Summer Pasta Salad

I've been thinking for a while about writing up some of my recipes. I'm such a foodie. I love cooking, it's such a relaxing hobby, and I completely encourage everyone to do it. There's so many pro's to cooking - it's cheaper then going out for meal, you know everything is fresh, and serving an amazing meal to your friends can be one of the best feelings ever.

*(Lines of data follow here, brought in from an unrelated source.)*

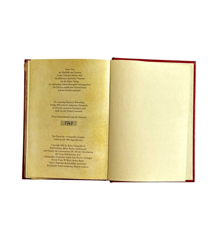 Mit acht goldgeschmückten Miniaturen, zahlreichen verzierten Initialen und dem berühmten Dedikationsbild, das Mathilde thronend vor purpurnem Hintergrund zeigt, verbindet die Handschrift geistliche Würde mit höfischer Repräsentation. Sie gilt als ein Höhepunkt der weltlichen romanischen Buchmalerei und als eindrucksvolles Zeugnis weiblicher Macht und Frömmigkeit im Mittelalter.
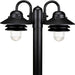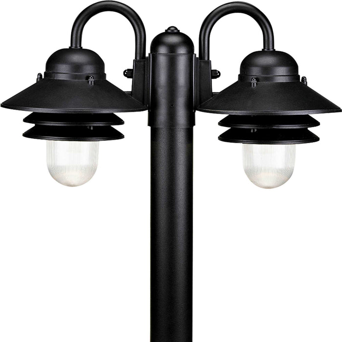 Two-light post mount plastic fixture with prismatic acrylic shade in a textured Black finish.
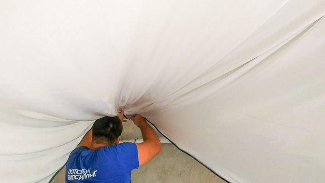 Глянцевый потолок 19 м2
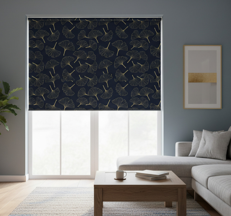 Estor enrollable moderno hojas de ginkgo 3d doradas
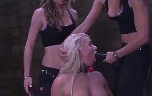 She just turned eighteen and she wanted to find out all about fetishes and hardcore sex.Well,she will learn on a hard way,watch her getting gagged and fucked deep and hard by two kinky mistress.The blonde mistress started gagging her with big black starpon deep and hard.Soon,the other on joined her and they continued fucking this teens throat.They started pulling her hair,spitting on her face and playing with her tiny tight pussy.
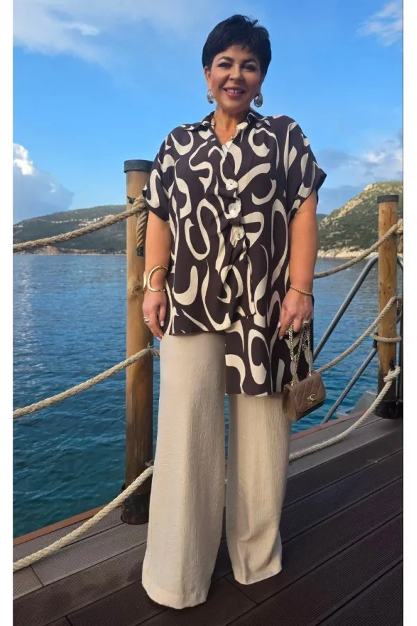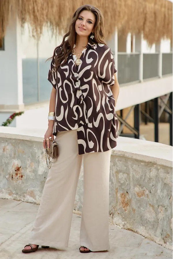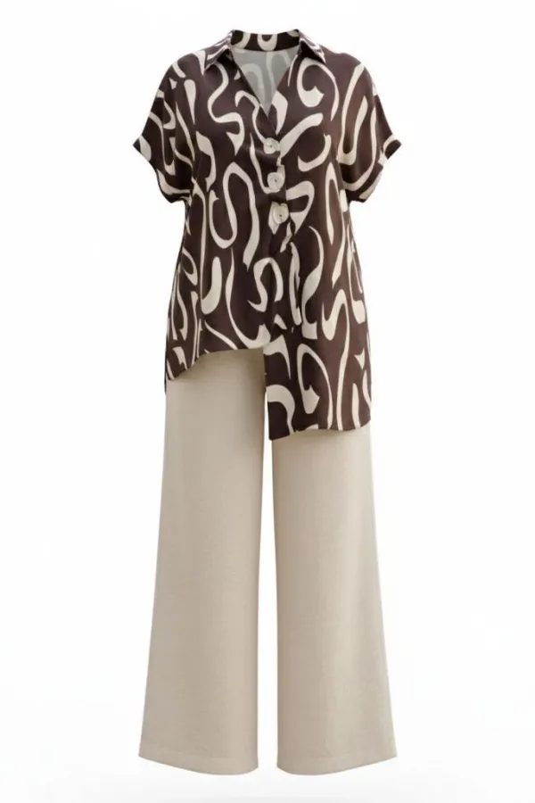 Блузка представлена как многофункциональный элемент гардероба, который сочетает в себе эстетическую глубину и практическую универсальность, становясь холстом для образов. Крой — свободный, но не мешковатый. Универсальность — подходит для работы, встречи с друзьями, прогулки, путешествия. Современность — вне сезонных трендов, но в тренде на осознанное потребление. Блузка не облегает — она скользит. Она не описывает фигуру — она её окутывает. Блузка свободного силуэта с ассиметричной линией борта с заложенными складками, имитацией застёжки на декоративные пуговицы. Горловина в блузке с отложным воротником со стойкой. Рукав в блузке цельнокроеный. Спинка с отрезной кокеткой. Низ в блузке ассиметричный с разрезами в боковых швах. Длина блузки 69 см (р 52-56), 72 см (р 58-62). Длина брюк 108 см.Подробные замеры смотрите на дополнительном фото. Подходит на рост 164-170.

Luckily, I usually take a photo of my food, and send it to my dad, so I have plenty of pictures to share with you. My summer pasta salad is the perfect dish for when it's too hot out to eat hot food, but you need a decent feed. You can make this dish to accompany a meze of cold platter dishes, or bring it along to a bbq. I usually serve this pasta salad with cold chicken wings, a stick of crusty french with vinegar and olive oil for dipping, selection of cheeses and hummus. Make a decent amount if you know it's gonna be hot for a few days, and leave it in the fridge to pick at.


Ingredients

500g of conchiglie pasta
As many pitted black olives as you want, and chopped in half
Cucumber, diced into tiny squares
Baby tomatoes, again diced really small
A handful of sweetcorn
As much fresh chives and basil as you could like
Squeeze of half a lemon
A big glug of virgin olive oil
A generous dash of white wine vinegar
Salt and pepper to taste

* The reason you have to chop the veggies up so small is because the tiny pieces get caught up inside the conchiglie, giving it lots of flavour with each pasta shell.